User currently offlinegaystudpilot From United States of America, joined Dec 2007, 453 posts, RR: 7
Posted (3 years 4 months 3 weeks 6 days 6 hours ago) and read 7779 times:

Total 2010 compensation: 8M USD.

Source: http://www.ajc.com/business/delta-ceos-pay-package-930016.html

Worth it for DL shareholders?

Or another example of excessive executive compensation granted by to-close-for-comfort friends on the board's compensation committee?

Does anyone know how this compares with CEO compensation for non-US airlines?

[Edited 2011-04-30 09:59:44]

NOTE: "runaway" replaced with "excessive."


[Edited 2011-04-30 10:44:53]

51 replies: All unread, showing first 25:
 
User currently offlineFLALEFTY From United States of America, joined Jan 2006, 470 posts, RR: 3
Reply 1, posted (3 years 4 months 3 weeks 6 days 5 hours ago) and read 7687 times:

Quoting gaystudpilot (Thread starter):
Or another example of runaway executive compensation granted by to-close-for-comfort friends on the board's compensation committee?

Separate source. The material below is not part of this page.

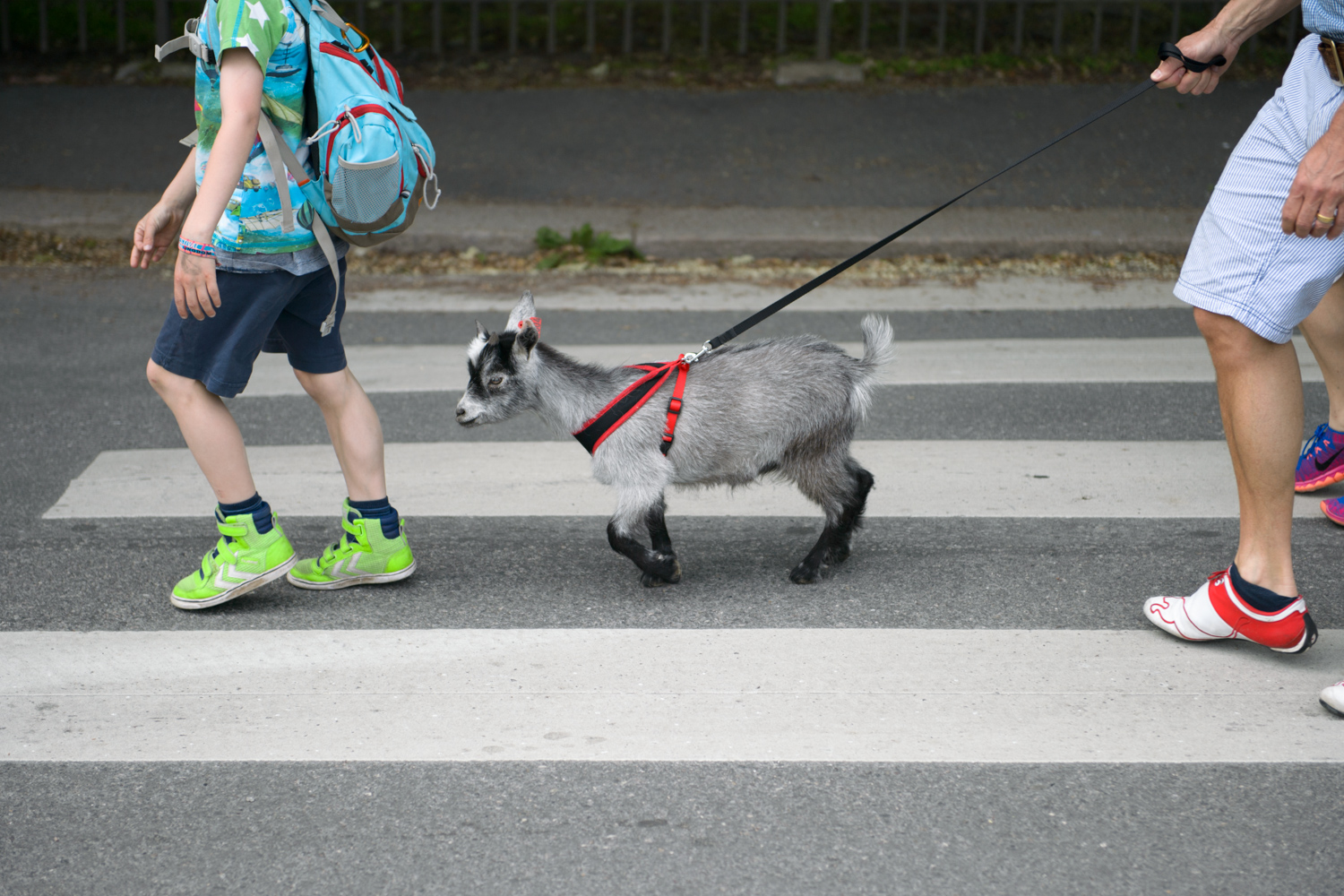 People along the road stop in their tracks, smiling faces in open windows, many are filming with their mobiles with the expression “what on earth is going on?” This may not be a common view for the inner city dwellers. Trotting along on the pavement, not overly impressed by this whole parade idea, a tiny, grey goat on a leash.

I respectfully beg to differ.

Delta's CEO has been in charge of a very challenging job in merging two major airlines together into one, healthy international airline. And so far, he has succeeded. This not to say that he does not have many challenges left (fuel costs, an aging fleet, et. al.), but I think he has earned his money.

Its not like he has been running a Wall Street hedge fund.


User currently offlinealitalia744 From United States of America, joined Mar 2000, 4750 posts, RR: 45
Reply 2, posted (3 years 4 months 3 weeks 6 days 5 hours ago) and read 7627 times:

Of which the majority was stocks/options.

Tilton made $5.97MM, and so on...



Some see lines, others see between the lines.
User currently offlineLAXintl From United States of America, joined May 2000, 25443 posts, RR: 49
Reply 3, posted (3 years 4 months 3 weeks 6 days 5 hours ago) and read 7609 times:

Quoting gaystudpilot (Thread starter):
Does anyone know how this compares with CEO compensation for non-US airlines?

Runaway compensation?

Hardly. $8mil is rather cheap for basically a Fortune-100 company.

According to Business Week 2009 survey average Fortune-500 CEO's got almost $11mil in earnings.

Quoting gaystudpilot (Thread starter):
Or another example of runaway executive compensation

You cant compare to foreign markets as their local employment and business situations are different. You need to look inside America and how executive talent is retained and compensated across all industries.

There is certainly no reason why Mr. Anderson needs to stick with Delta if he is not well compensated. With his law background he can easily transition into other industries such as going back to health care again.

Anyhow to the specifics - Anderson's "salary" was merely $600,000 in 2010, the rest was essentially stock grants whose actual worth is unknown they are vested and sold. He very well could be sitting on pile of useless stock if the airline and industry tanks, or could do quite well in the future if the price appreciates.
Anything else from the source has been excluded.